Updated: Jan 24, 2023


Kamloops Curtainwall Glass

Question...would you prefer paying for the services of a Licensed Journeyman who underwent years of hands on training as an apprentice, working side by side of skilled Ticketed Journeymen, as well as years of schooling learning the theory and practical knowledge of being a trained professional in a skilled Trade or that of someone who hasn't done any of those things?


Would you want a doctor or automotive mechanic working on something of yours when they never went through the years of rigorous testing and training such jobs should require? Would you prefer a seasoned Journeymen Electrician of 10+ years wiring your house or an unsupervised 1st year apprentice. Should you pay the same high price for someone improperly trained VS one with proper training and knowledge? The answer to these questions should be most obvious and the same can be said for the Glazing Industry.


Amazingly, people today don't seem too concerned with paying top dollar for service technicians and installers that haven't obtained the proper credentials. After many years of dealing with customers in the public never once was I ever asked about my training and whether or not I had my red seal certification. Sadly, many people are paying high shop rates for inadequately trained servicemen. Employers are hiring unskilled labor for cheap, providing inadequate training, sending them out into the field unchecked and charging their customers full price for subpar inferior work. It is not only unfair to the customer but also the tradesmen, apprentices and Journeymen/women out there who made the sacrifices in their lives and hard work to reach their achievements. It requires thousands of hours working on jobsites under a journeymen and many long nights of study to pass the necessary written tests for one to obtain his/her certification and it is very unfortunate that being recognized as a trained Professional by many is being counted for little.

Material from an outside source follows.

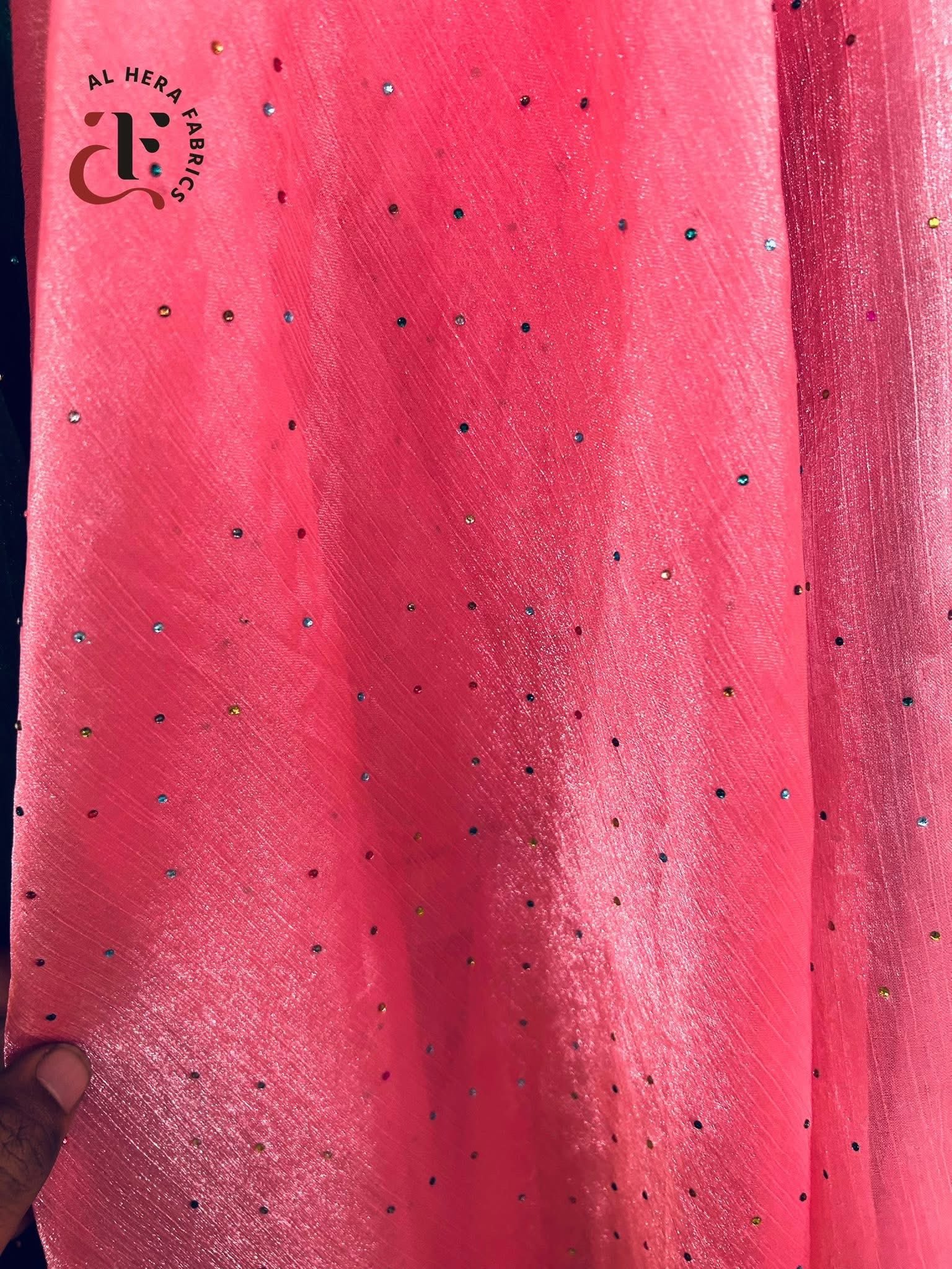 Elevate your fashion statement with our Premium Zimichu Million Stone Fabric. This exquisite material combines a luxurious, high-shine shimmer base with a galaxy of tiny, multicolored "Million Stones" that catch the light from every angle.

As one who personally understands the great value of the critical knowledge learned in an apprenticeship program and how important it is as an apprentice to work under other trade certified individuals with decades of experience, it pains me to see the unconcerned ignorance of so many regarding trade certification. People everywhere are working in the trades unchecked and unregulated and it's become somewhat of chaotic free for all. The ramifications of these poorly trained individuals going unchecked is of considerable concern. Over the years, I have seen firsthand the poor workmanship, sloppy finished product and potentially hazardous installations many unknowing customers receive from unsupervised, inadequately and improperly trained individuals. Many of those on the inside know what I am talking about, I am not alone and my concerns are also those of many British Columbians. Thankfully there is a shift beginning to take place with new legislation and bills being passed in British Columbia that this trade nightmare should hopefully soon be a thing of the past. Our province has been far behind other provinces for decades but that is all beginning to change. >>> https://news.gov.bc.ca/releases/2022AEST0074-001775 . While this slow transition may still take many years to have any real effects in the glazing industry, I for one look forward to the day where Ticketed Jouryneymen Glaziers and their hardworking apprentice's are appreciated and credit is given where it is due and employers focus more on apprenticeship programs and customers are provided with better services by highly trained individuals.


Glaziers working in the glass industry is perhaps one of the most overlooked skilled trades people around, but the importance of a Ticket should not be overlooked in any trade. For the sake of things being done right the first time, it is imperative that contractors and customers seek out properly trained individuals who have at the very least shown the initiative and dedication to complete the proper training. Next time you acquire services from any individual working in a skilled trade ask about their training or credentials. Ask to see their documentation. Don't pay top dollar for mediocre results and those that can sometimes be more costly down the road.